En l'espèce, il n'existe pas de renonciation à la succession par MM. [L] [O], [Y] [O] et Mme [R] [U] à la succession de leur mère [J] [P]. Aucun élément ne permet de constater l'existence d'une renonciation et les seules affirmations de l'appelant et l'attestation de Mme L. S., compagne de l'appelant, sont inopérantes à établir l'existence d'une telle renonciation.



Le jugement ayant débouté l'appelant à ce titre sera confirmé.





- Sur le partage de la succession



M. [W] [U] demande, à titre principal, à la cour de juger que les consorts [O] [U] sont mal fondés à solliciter l'attribution des sommes leur revenant au titre du partage de la succession de leur défunte mère.



Sur ce,



Le jugement, en son dispositif non contesté, a ordonné les opérations de compte, liquidation et partage de la succession de [J] [P] et a désigné le président de la chambre des notaires pour y procéder, le premier juge ayant constaté que les parties se trouvent dans la phase d'un partage judiciaire.
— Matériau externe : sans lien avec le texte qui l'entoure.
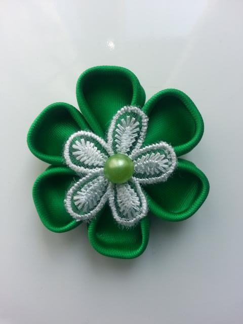 Fleur de satin et dentelle 5 cm dans les tons vert aux pétales ronds

Il en résulte que la demande de M. [W] [U] à ce titre, est sans objet.





- Sur la demande subsidiaire de répétition de l'indû



M. [W] [U] excipant de sa qualité de beau-père au sens de parâtre soutient qu'il n'était pas tenu d'une obligation alimentaire à l'égard des fils de [J] [P], et se prévalant de l'autonomie financière de sa fille [R] à compter d'octobre 2014, il affirme que son obligation d'entretien avait cessé. Il précise que la cause des versements qu'il fixe, dans les développements de ses conclusions à la somme de 105 595,22 euros, trouve son origine dans le fait qu'il pensait que les récipiendaires renonçaient à solliciter le partage successoral.



Sur ce,



L'article 1235 devenu 1302 du code civil prévoit que 'Tout paiement suppose une dette ; ce qui a été reçu sans être dû est sujet à restitution.
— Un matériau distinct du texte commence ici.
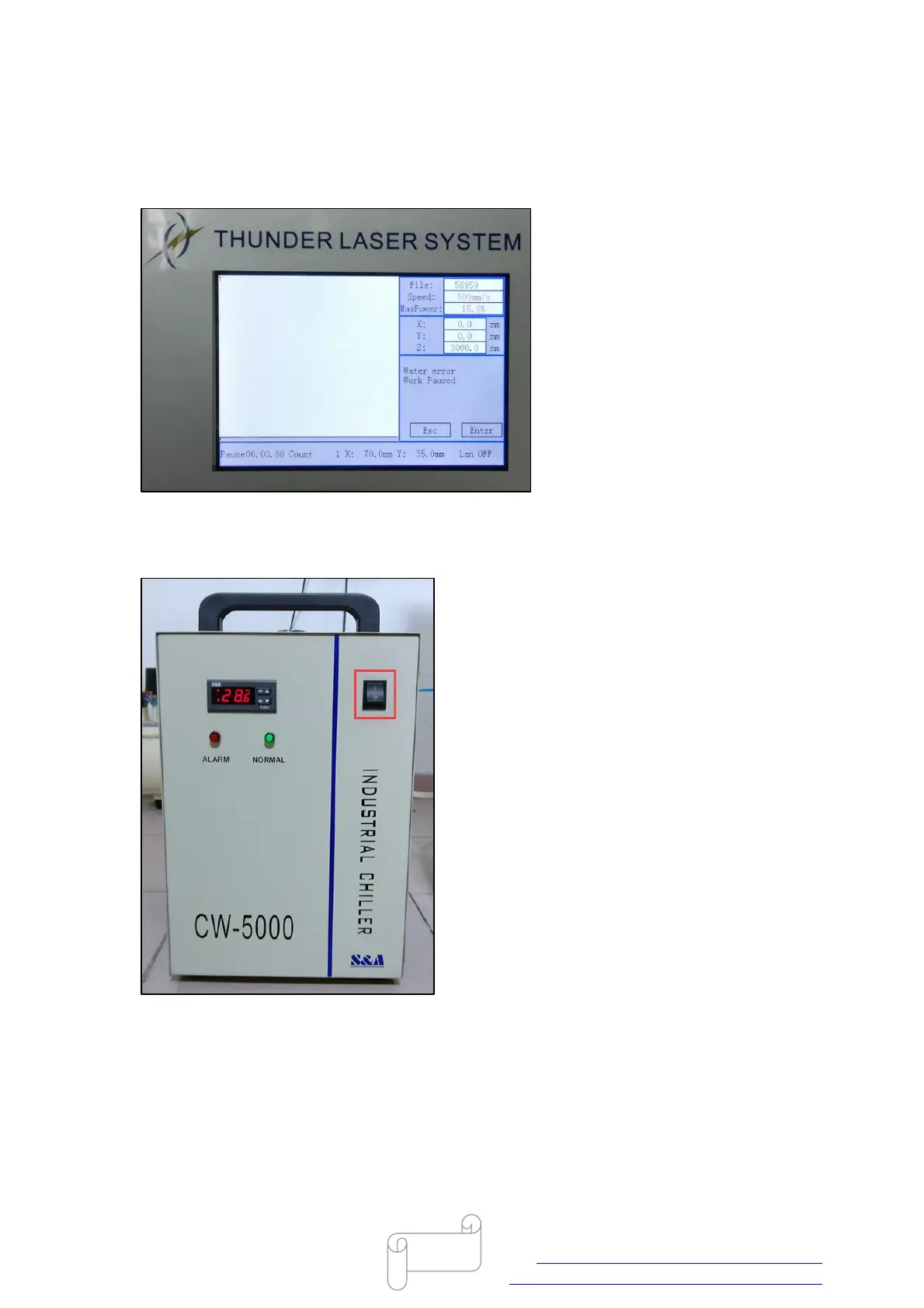 Please turn on the water chiller before power on the machine, like below.

La restitution n'est pas admise à l'égard des obligations naturelles qui ont été volontairement acquittées'.



Il y a obligation naturelle lorsqu'une personne s'oblige envers une autre ou lui verse une somme d'argent, non sous l'impulsion d'une intention libérale, mais afin de remplir un devoir de conscience et d'honneur.



En l'espèce, outre les liens familiaux, directs et indirects, avec sa fille et les fils de [J] [P], l'appelant explique qu'il a veillé à ce que ceux-ci ne manquent de rien, dont il s'en déduit qu'il remplissait son devoir de conscience et l'hypothèse selon laquelle il escomptait une renonciation future à la succession de leur part étant inopérante pour fonder la demande de répétition des sommes versées.



Le jugement ayant débouté M. [W] [U] de ce chef sera encore confirmé.



En l'état de la confirmation du jugement en ses chefs critiqués, l'appelant sera débouté de sa demande de juger que les cohéritiers ont été remplis de l'intégralité de leurs droits ainsi que de celle, nouvelle en cause d'appel et dénuée de moyens, de demande de déduction d'une somme sur un livret au nom de [R] [U].





PAR CES MOTIFS





La cour, statuant publiquement, contradictoirement, en matière civile, par mise à disposition au greffe conformément à l'article 451 alinéa 2 du code de procédure civile ;





Confirme le jugement en toutes ses dispositions critiqués,



Y ajoutant,



Par application des dispositions de l'article 700 du code de procédure civile, condamne M. [W] [U] à payer à M. [Y] [O], M. [L] [O] et Mme [R] [U], ensemble, la somme de 2 000 euros,



Rejette toutes demandes plus amples ou contraires,



Laisse à chacune des parties la charge de ses propres dépens.





Le présent arrêt a été signé par Monsieur Yann CATTIN, Président de chambre, et par Madame Nathalie BEBEAU, Greffière à laquelle la minute de la décision a été remise par le magistrat signataire.